- **Brief**:
Using the data beneath this instruction, retype only the lines from the one that contains "Lazy Striped One-Shoulder" down to the one that contains "発売タイトル:新潮文庫『老人", both included, exactly as they appear.

- **Extracted material**:
= Beginning of Section =
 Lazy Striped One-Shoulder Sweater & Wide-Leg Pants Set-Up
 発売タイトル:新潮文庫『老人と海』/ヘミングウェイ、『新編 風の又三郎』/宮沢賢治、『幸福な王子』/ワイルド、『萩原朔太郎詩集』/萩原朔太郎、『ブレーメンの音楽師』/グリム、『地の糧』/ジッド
= End of Section =
= Beginning of Section =
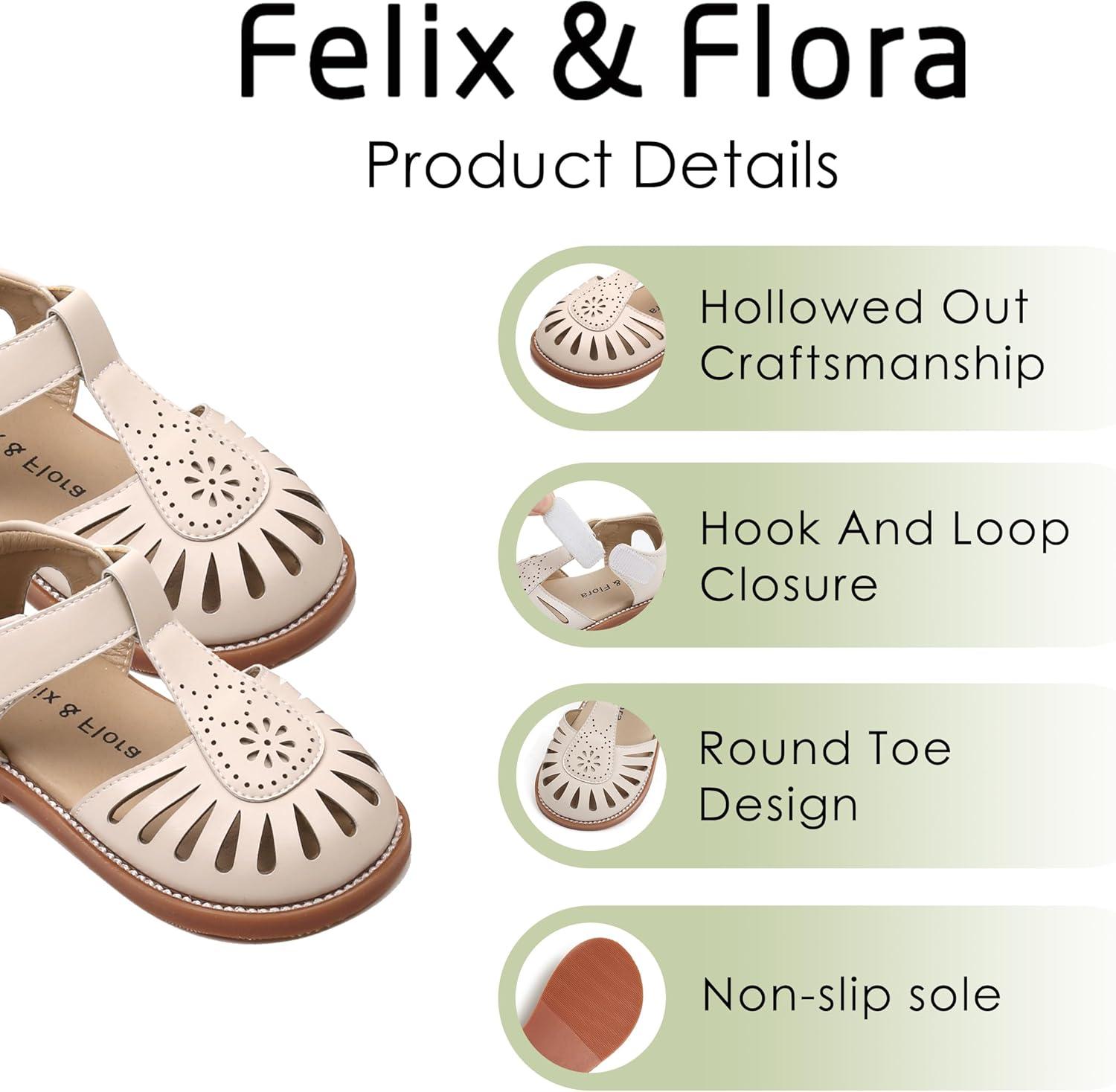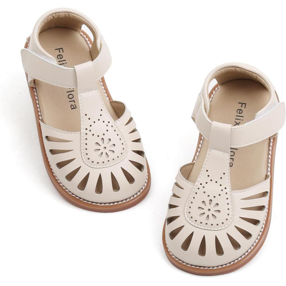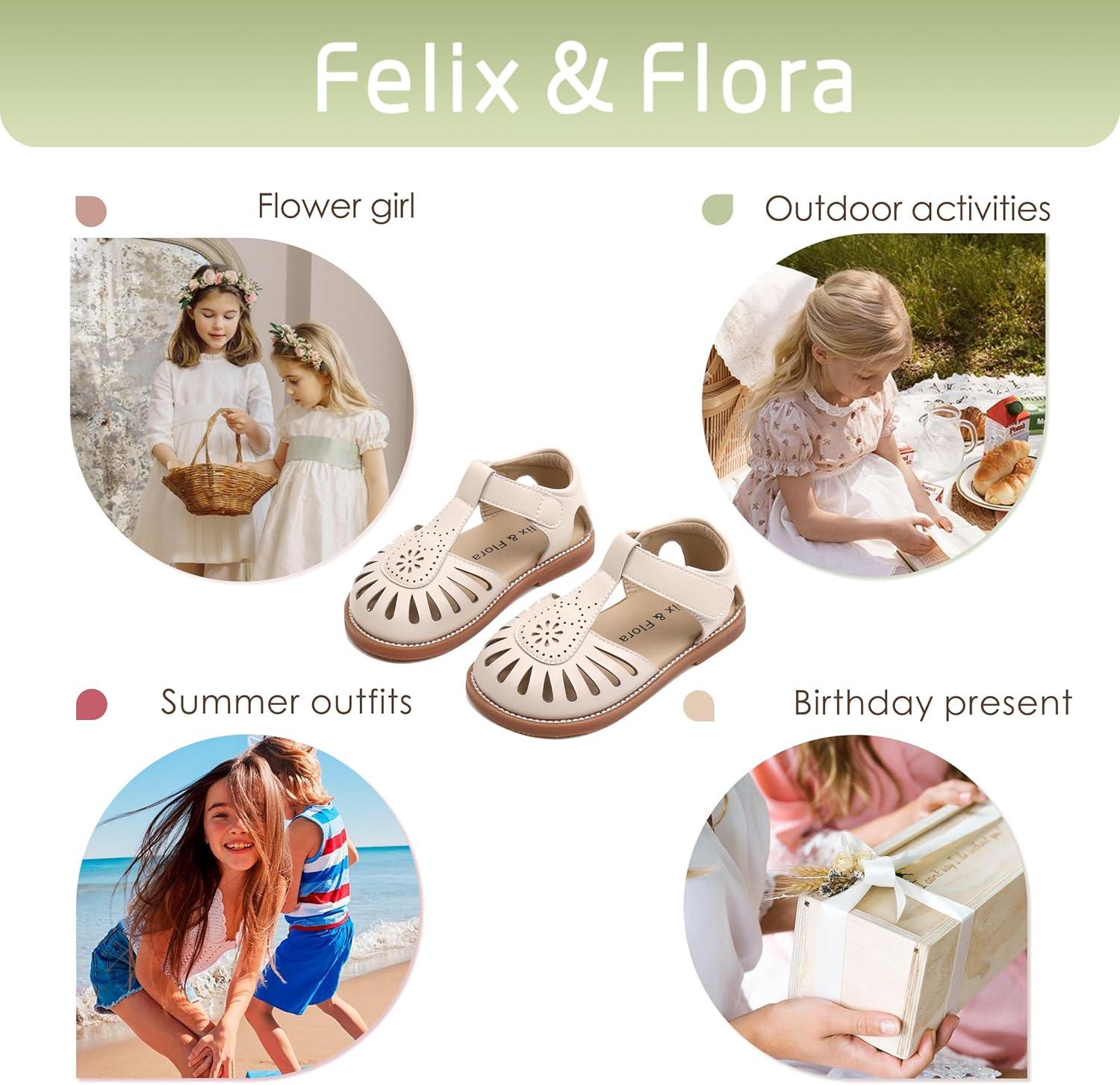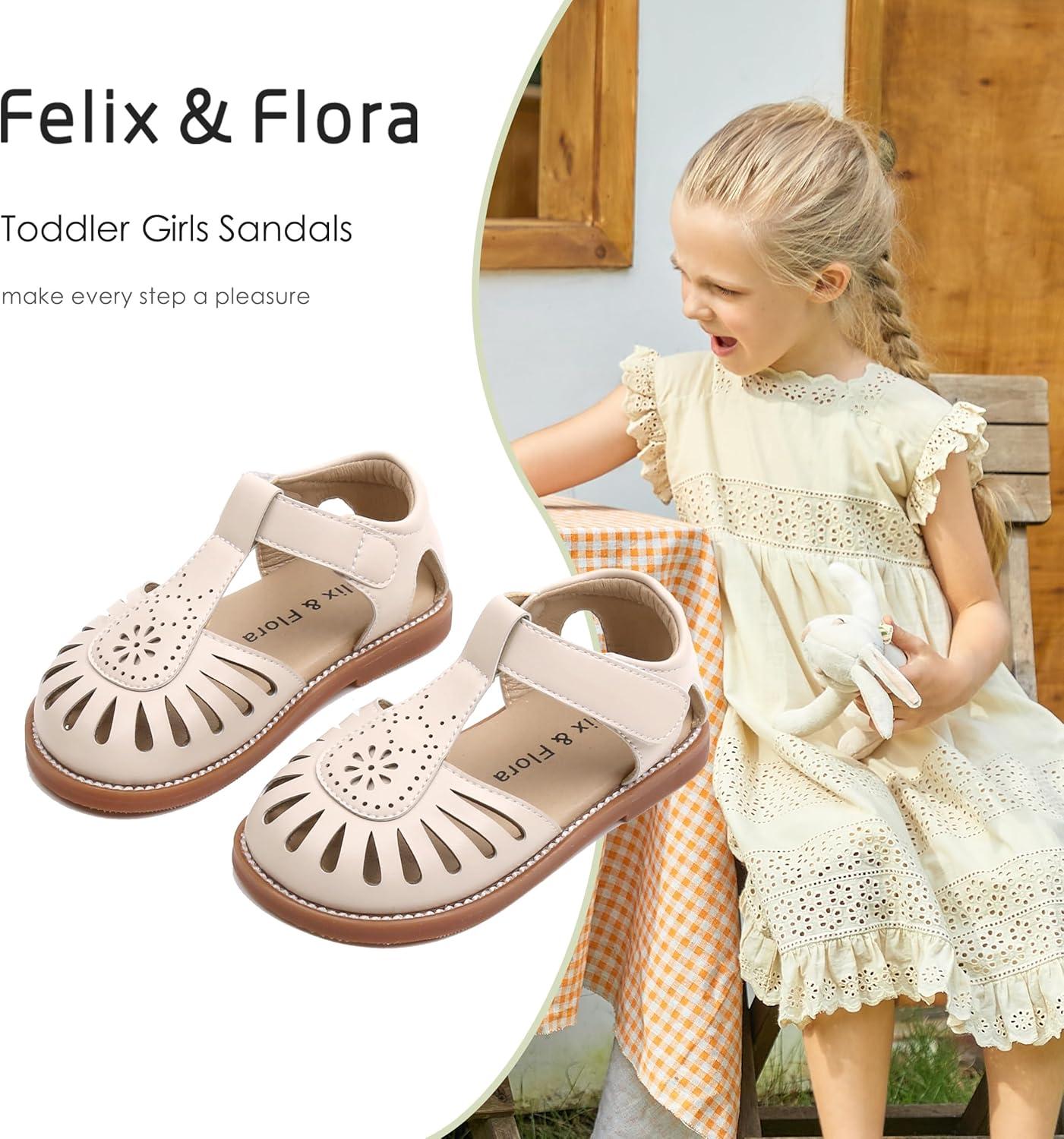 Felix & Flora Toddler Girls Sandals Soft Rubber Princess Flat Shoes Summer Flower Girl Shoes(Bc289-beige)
= End of Section =
= Beginning of Section =
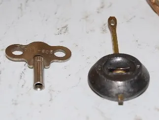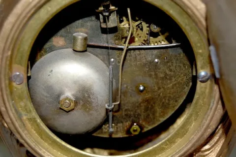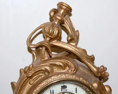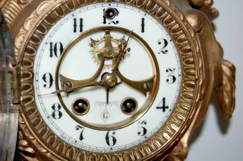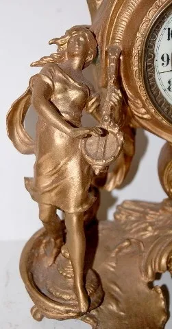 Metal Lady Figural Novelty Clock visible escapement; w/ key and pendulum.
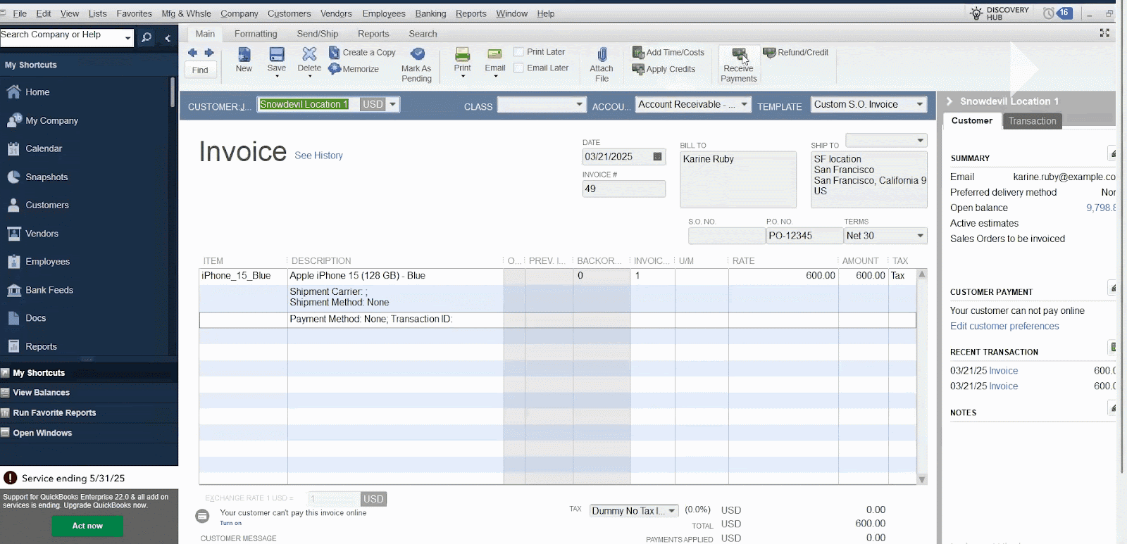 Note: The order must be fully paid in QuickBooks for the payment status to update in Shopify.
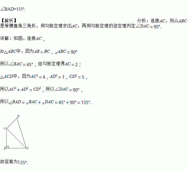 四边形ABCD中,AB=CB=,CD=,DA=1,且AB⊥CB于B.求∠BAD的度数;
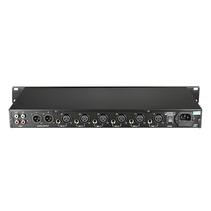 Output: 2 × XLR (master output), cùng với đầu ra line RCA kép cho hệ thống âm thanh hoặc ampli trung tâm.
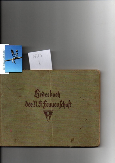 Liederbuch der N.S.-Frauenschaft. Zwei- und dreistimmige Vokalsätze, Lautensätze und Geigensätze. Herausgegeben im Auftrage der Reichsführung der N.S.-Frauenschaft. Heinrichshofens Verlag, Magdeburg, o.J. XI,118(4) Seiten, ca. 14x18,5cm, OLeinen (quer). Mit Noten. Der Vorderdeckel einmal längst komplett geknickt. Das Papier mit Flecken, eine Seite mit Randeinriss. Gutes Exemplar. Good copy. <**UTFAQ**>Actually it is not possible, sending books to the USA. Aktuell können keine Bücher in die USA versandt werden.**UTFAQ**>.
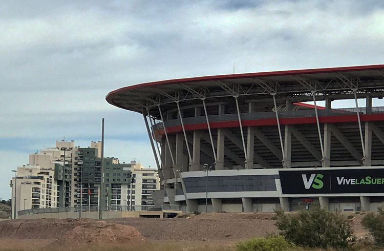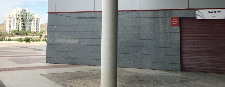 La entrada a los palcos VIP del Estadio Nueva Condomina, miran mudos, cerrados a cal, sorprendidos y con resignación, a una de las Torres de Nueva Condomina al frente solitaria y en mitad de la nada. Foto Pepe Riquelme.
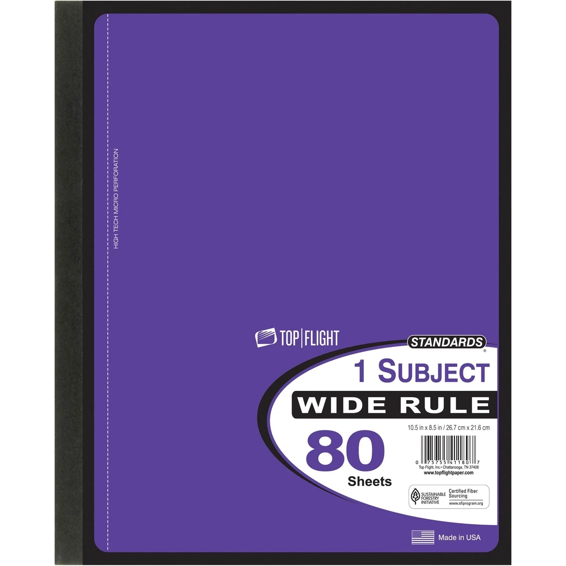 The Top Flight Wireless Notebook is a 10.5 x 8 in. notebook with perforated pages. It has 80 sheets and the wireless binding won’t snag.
= End of Section =
- **Answer box**:
 Lazy Striped One-Shoulder Sweater & Wide-Leg Pants Set-Up
 発売タイトル:新潮文庫『老人と海』/ヘミングウェイ、『新編 風の又三郎』/宮沢賢治、『幸福な王子』/ワイルド、『萩原朔太郎詩集』/萩原朔太郎、『ブレーメンの音楽師』/グリム、『地の糧』/ジッド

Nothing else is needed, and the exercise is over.